Player is likely to castle early (high score first time). But if they have castling available and choose not to do it, then maybe they don't want to castle so on subsequent moves you can lower the score for castling.

In KRvK there are two common strategies. You can try to identify which one they are using and they will likely keep using it. The player with the king on the other hand is likely to try to maintain as much space as possible for as long as possible - with occasional curveball to see if the other player is awake.

If a position has occured twice it's likely to occur a third time.

Attacker / defender stacking: If the last moved attacked some chessman and it's possible to add another attacker it's likely it will be done. If it's possible to add another defender it's likely to be done.

If a knight has just been moved to a weird square likely it is being manouvered and will move again on next move.

Fianchettoing the bishop is likely after pushing the relevant pawn.

Poosotasty

#29

@TheTap said in #25:
> Lower bound of 10: a rook can stand on any of the 64 squares, and it has in theory 14 available moves -> 896 moves. Add to that a bishop on any square has at least 7 moves -> 64*14 + 64*7 = 64*21 = 1344 combinations, which is larger than 10 bits can represent.

Look at the binary tree: lichess.org/@/lichess/blog/developer-update-275-improved-game-compression/Wqa7GiAA

The origin square is not being stored as "1 of 64". Instead, all possible legal moves are first calculated in terms of probability according to a bare-mininum heuristics. That creates a binary tree that will will be traversed to find the actual move played, which can be as short as 00 or 01 (in other words, 2 bits). This 00/01 is the index of the tree. Assuming the last 10 moves were all the most likely moves as well (00 times 10), and that the game terminates on move 10, an entire game can be stored as 00000000000000000000 (20 zeros).

Poosotasty

#30

From the article:

"compression works in two steps:

1. Map moves to integer indexes. The smaller on average the better.
2. Encode those integers as a stream of bits."

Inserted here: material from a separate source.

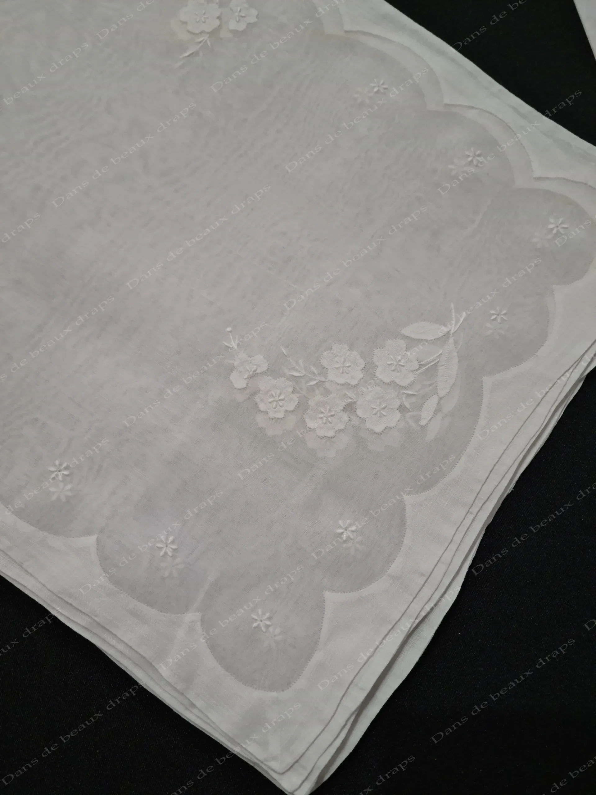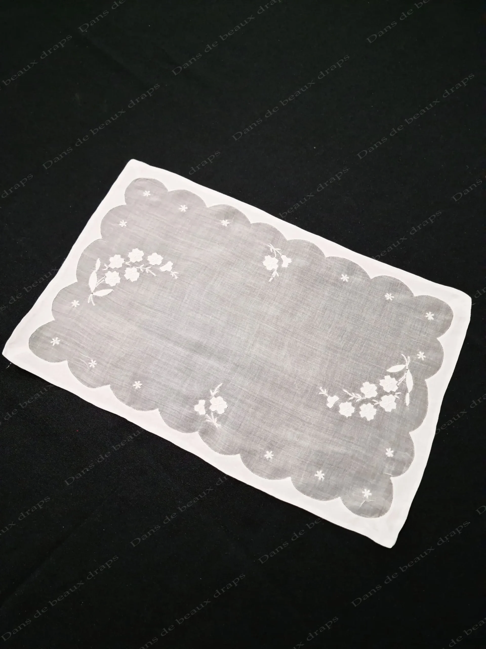 Suite de 8 sets de table et un centre de table assorti en linon .
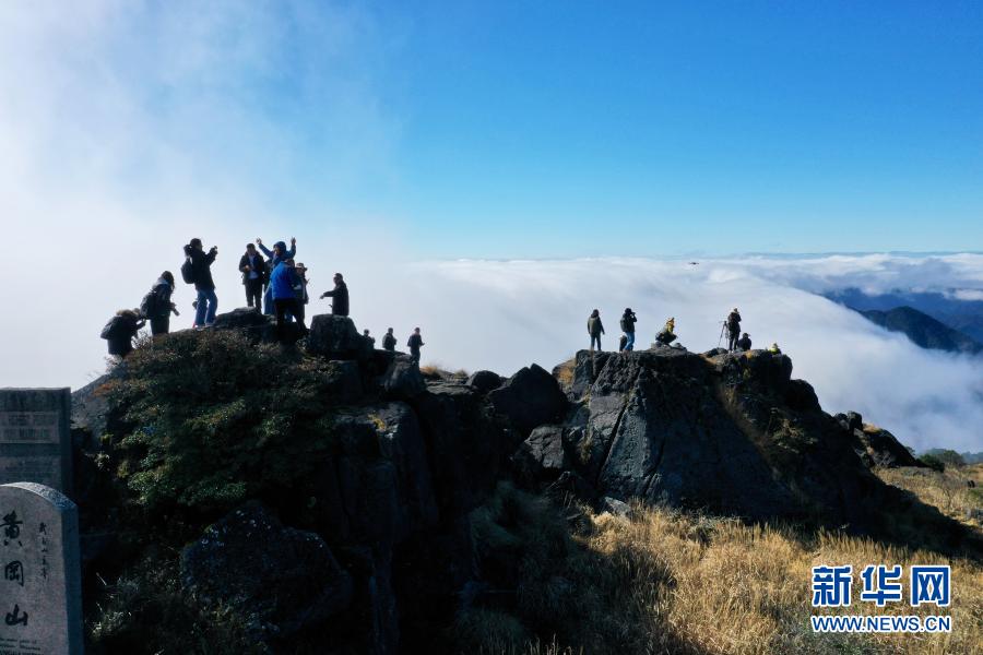 2020年12月1日,人们在云雾缭绕的武夷主峰黄岗山山顶眺望(无人机照片)。新华社记者 姜克红 摄

In my example, each 00 is the encoded integer index of the binary tree. The integer index there would be 0 (the first leaf that is reached). If unencoed index were 2 (the third leaf reached) the encoded index would be 10 (binary for 3). In my example the entire game represented by 00000000000000000000 becomes a bitstream that will find and hit one node after another reconstructing the game.

It's just like how you know that when someone says "e4e5" you know white played a pawn to e4 and black played a pawn to e5. None of that "from what square" or "which piece moved" information needs to be described because *you* provide that information by using the chess board. In the same way, some interface which has access to the binary tree also provides the board and interprets the binary stream.